Make no mistake: this is Argento on the decline. When, in one scene, Aura is force-fed some psychotropic mind berries, Argento is given the perfect opportunity to invest some of his primary color surrealism into the film, but the best he can muster is a translucent ghost ballerina twirling on the ceiling. Granted, seeing him evolve is welcome-- in theory-- but when the result looks like Trauma we can't help but be vaguely disappointed. Because it was made for a meaty-enough estimated budget of seven million dollars, one can't simply lay the film's faults on a lack of funds. Argento seems tired here. Perhaps he was disillusioned with the fact that this sort of been-there-done-that thriller was the only sort of film he could get bankrolled, or perhaps he was beginning to become exhausted with filmmaking in general after two decades of fabulous imagination and productivity. His second collaboration with his daughter Asia, 1996's The Stendhal Syndrome, would find him more focused and less flippant with the giallo material, but even that film is similarly prone to the sloppy production values and style on display in Trauma. In stark contrast to his still-vibrant works of the mid-to-late '80s, Trauma finds the hyper-garish hyperactivity of Argento's fantasy horrors waning. The film's dialogue points to a certain cynicism the filmmakers hold for their entire bloody endeavor: "He only kills when it's raining," one character points out, to which another replies, "Well, stay out of the rain."


  1. I will always have a special place in my heart for Trauma. This film and Phenomena (Creepers at the time) were my introduction to Italian horror when I was a kid. Maybe it's because it is impossible for me to see this without my nostalgic glasses on but I think there's a lot of magic here. There's also a lot of stupid too. The whole anorexic angle is handled with all the sensitivity of boxing gloves soaked in Novocaine.

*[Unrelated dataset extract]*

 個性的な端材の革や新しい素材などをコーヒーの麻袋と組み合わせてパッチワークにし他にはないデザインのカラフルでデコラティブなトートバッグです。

    1. I can imagine an alternate world in which I'd caught this one earlier on and thus I have more affection for it. But as it stands on Earth Prime, it's just too derivative for me. It's weird and stupid, surely, and that carries some appeal, but it's not quite weird and stupid enough. (Well, maybe stupid enough...)

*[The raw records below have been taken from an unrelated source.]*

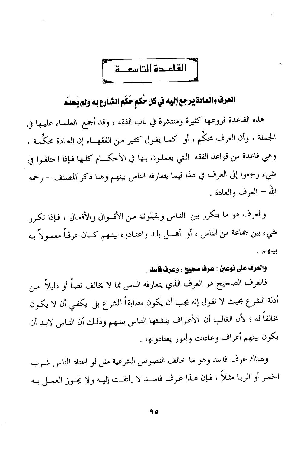 القاعدة التاسعة العرف والعادة يرجع إليه في كل حُكمٍ حَكَم الشارع به ولم يَحدّه
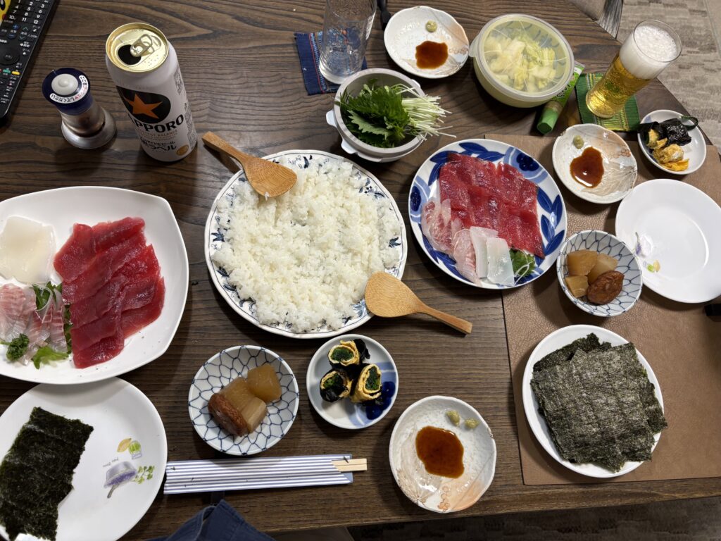夕方実家へ行き、晩ごはんに手巻き寿司を食べます。一人暮らしでは食べる機会がないので、ありがたいです😊。
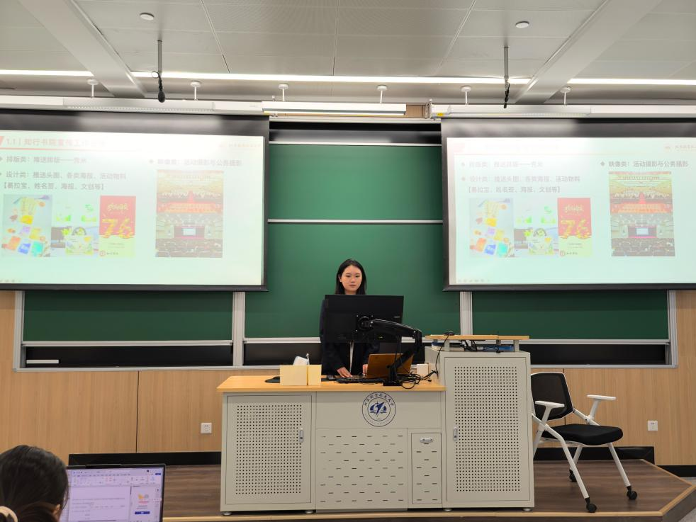 书院分管宣传工作的半脱产辅导员邹昕冉为知行书院员工骨干进行了宣传通用能力培训。她首先对宣传工作的整体流程进行梳理,强调宣传内容应具备原创性和严谨性,并提醒同学们要辩证地运用AI工具。随后,她围绕文案撰写、排版设计、海报与文创设计、摄影摄像等四个方面进行了详细讲解,要求文案应风格得体、表达清晰;排版需兼顾统一性、突出重点及美观性;设计工作要注重合规与视觉效果的统一;摄影摄像则需关注构图、拍摄礼仪及细节把控。最后,她希望员工骨干们能够坚持不懈,讲好知行故事,传播知行声音,进一步提升书院宣传工作的专业化水平和影响力。本次活动不仅为2025-2026学年知行书院“培‘玉’计划”系列研讨课拉开序幕,也为员工骨干们提供了实用的宣传通用技能与辅助工具,帮助同学们更加规范、高效地开展宣传工作。
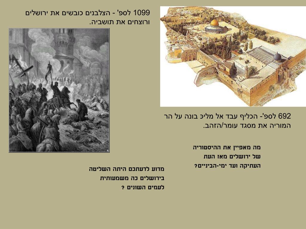 1099 לספ' - הצלבנים כובשים את ירושלים ורוצחים את תושביה. 692 לספ'- הכליף עבד אל מליכּ בונה על הר המוריה את מסגד עומר/הזהב. מה מאפיין את ההיסטוריה של ירושלים מאז העת העתיקה ועד ימי-הביניים? מדוע לדעתכם היתה השליטה בירושלים כה משמעותית לעמים השונים ?

      Phenomena, however, is my jam. I will watch teen Jennifer Connelly command swarms of insects and befriend razor-wielding chimps any day.

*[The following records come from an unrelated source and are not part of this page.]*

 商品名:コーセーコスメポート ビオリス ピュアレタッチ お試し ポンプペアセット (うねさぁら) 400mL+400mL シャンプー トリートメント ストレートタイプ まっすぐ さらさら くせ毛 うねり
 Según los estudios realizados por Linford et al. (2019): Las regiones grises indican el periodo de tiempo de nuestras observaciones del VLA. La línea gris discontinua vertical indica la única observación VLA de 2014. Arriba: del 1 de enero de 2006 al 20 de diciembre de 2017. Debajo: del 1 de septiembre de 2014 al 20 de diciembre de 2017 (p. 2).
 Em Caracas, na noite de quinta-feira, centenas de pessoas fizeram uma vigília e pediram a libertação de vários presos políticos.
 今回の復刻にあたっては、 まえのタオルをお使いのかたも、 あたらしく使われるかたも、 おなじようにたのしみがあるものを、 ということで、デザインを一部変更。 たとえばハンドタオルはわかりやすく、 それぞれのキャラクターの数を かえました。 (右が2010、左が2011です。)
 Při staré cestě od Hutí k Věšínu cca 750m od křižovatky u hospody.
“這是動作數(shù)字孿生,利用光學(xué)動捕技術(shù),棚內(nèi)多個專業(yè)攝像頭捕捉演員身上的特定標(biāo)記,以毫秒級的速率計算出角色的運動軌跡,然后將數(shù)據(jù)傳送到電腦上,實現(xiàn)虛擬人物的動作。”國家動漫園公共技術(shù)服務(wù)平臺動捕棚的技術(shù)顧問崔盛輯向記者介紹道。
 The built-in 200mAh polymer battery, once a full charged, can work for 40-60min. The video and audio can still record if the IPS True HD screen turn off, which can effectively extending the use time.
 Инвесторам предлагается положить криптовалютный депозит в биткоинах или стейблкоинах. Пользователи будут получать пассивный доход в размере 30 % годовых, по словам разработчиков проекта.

  2. Argento as a director frustrates me immensely. Inarguably, his earliest work is his best, but even his stupid films have flashes of great creativity. My reading of his work is that over the course of his life he became irrevocably trapped into being "Dario Argento" (in quotation marks) which castrated him artistically. I wish he had branched out into completely unrelated and disparate genres eary in his career.

    1. Thanks for the comment!

      I'm in total agreement with you. The specter of "Dario Argento" has certainly haunted his later work (I'm finding), and those ingrained expectations have clearly sucked a lot of enthusiasm from him as the years wear on. Watching any interview with the man conducted in the last two decades is a depressing venture: he couldn't care less about his lionized past. But even then he persists in baffling me with a film like Sleepless (2001), which seems to be almost cantankerously protecting the reputation of the sort of horror film he has made his name on, as if he still holds some fondness for the genre deep down inside.

      We can only wonder what would have happened if his early comedy-drama The Five Days (1973) had been a hit.